═════ RECORDED DATA

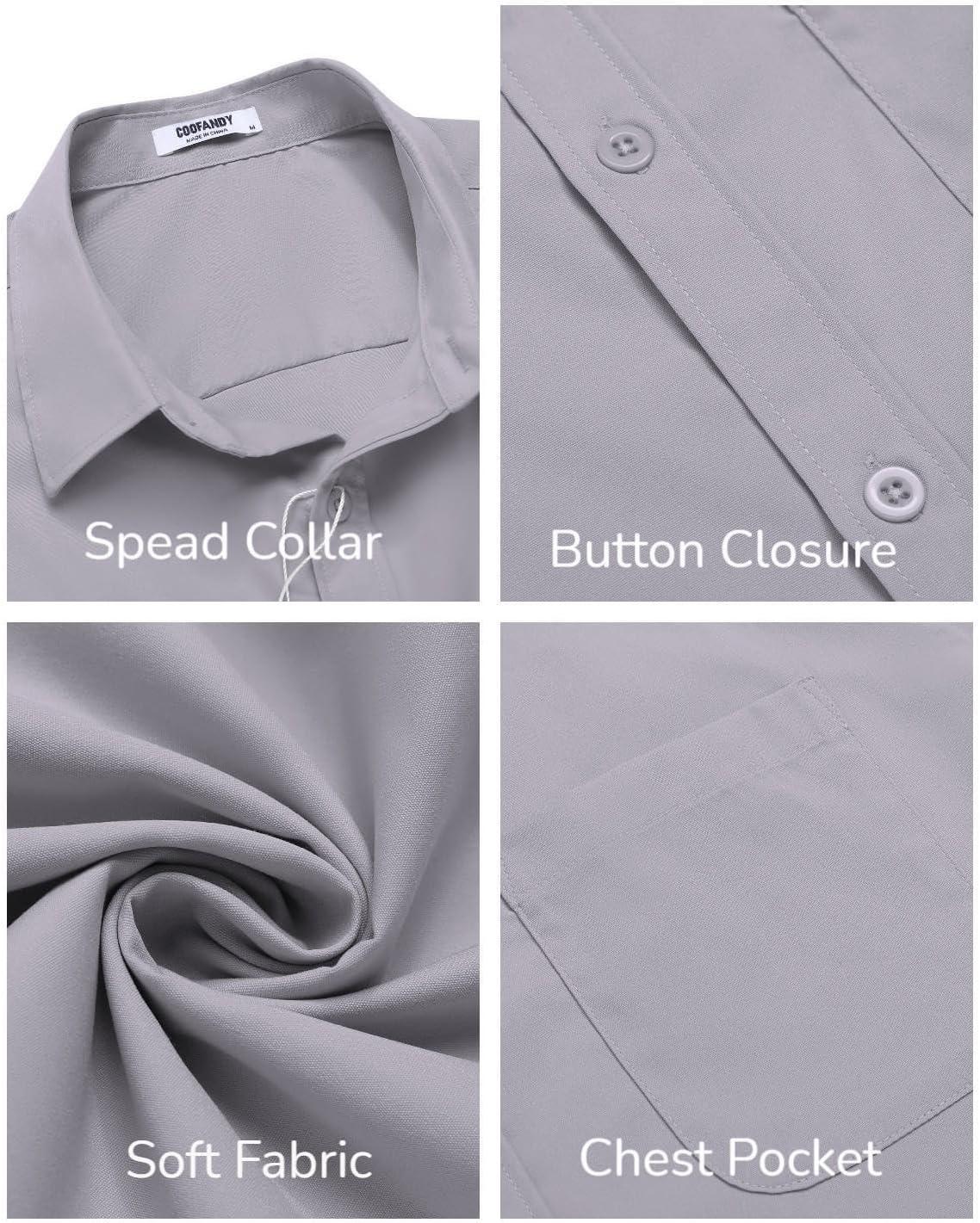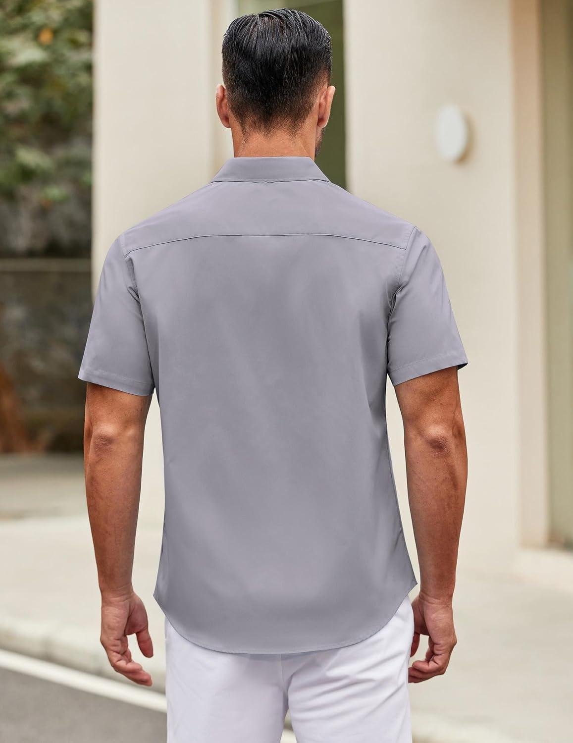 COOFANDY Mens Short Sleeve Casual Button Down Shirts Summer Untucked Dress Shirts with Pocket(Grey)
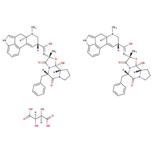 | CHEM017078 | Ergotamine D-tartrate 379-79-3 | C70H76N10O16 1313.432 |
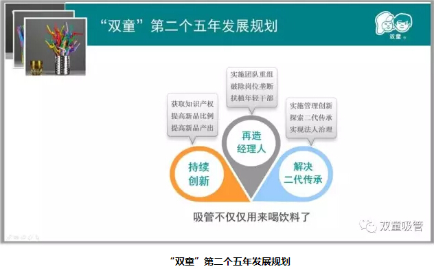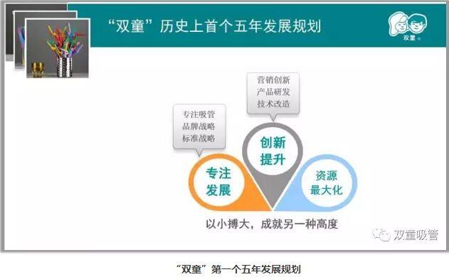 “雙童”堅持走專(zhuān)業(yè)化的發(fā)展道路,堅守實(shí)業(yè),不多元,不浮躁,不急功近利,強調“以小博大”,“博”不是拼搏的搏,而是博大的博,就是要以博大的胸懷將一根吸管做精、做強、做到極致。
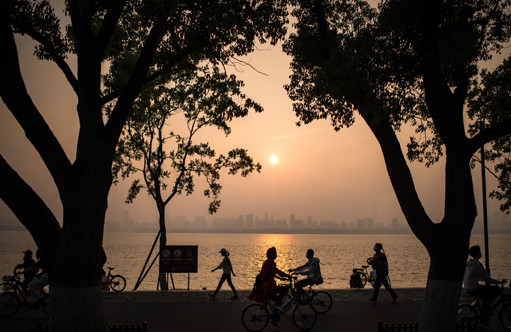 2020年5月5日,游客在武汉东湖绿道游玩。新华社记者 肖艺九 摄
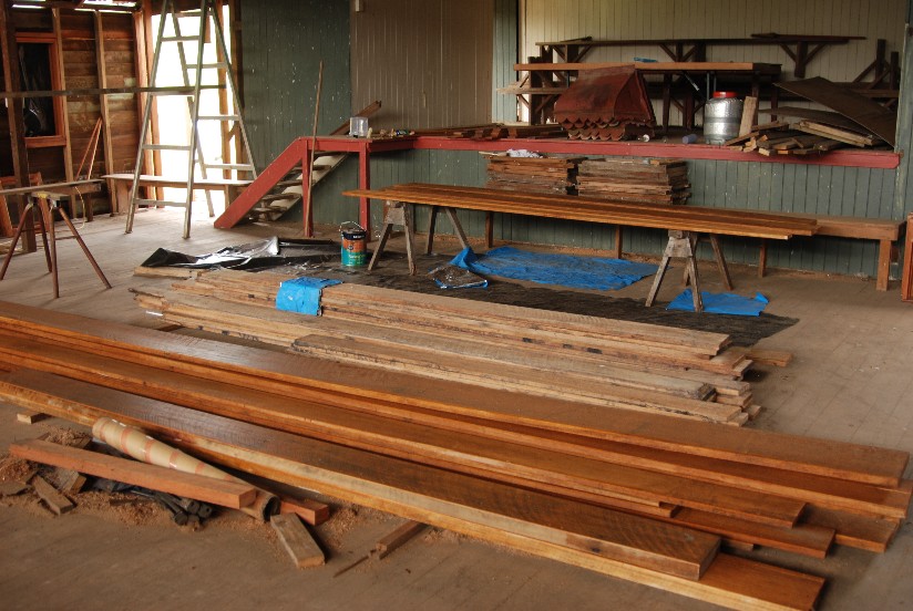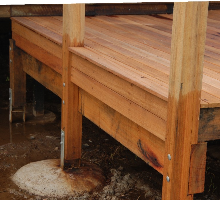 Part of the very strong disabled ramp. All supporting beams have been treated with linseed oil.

══════════

TASK OBJECTIVE -> Skip every picture and transcribe the data above exactly.

SOLUTION TO THIS EXERCISE ->
 COOFANDY Mens Short Sleeve Casual Button Down Shirts Summer Untucked Dress Shirts with Pocket(Grey)
 | CHEM017078 | Ergotamine D-tartrate 379-79-3 | C70H76N10O16 1313.432 |
 “雙童”堅持走專(zhuān)業(yè)化的發(fā)展道路,堅守實(shí)業(yè),不多元,不浮躁,不急功近利,強調“以小博大”,“博”不是拼搏的搏,而是博大的博,就是要以博大的胸懷將一根吸管做精、做強、做到極致。
 2020年5月5日,游客在武汉东湖绿道游玩。新华社记者 肖艺九 摄
 Part of the very strong disabled ramp. All supporting beams have been treated with linseed oil.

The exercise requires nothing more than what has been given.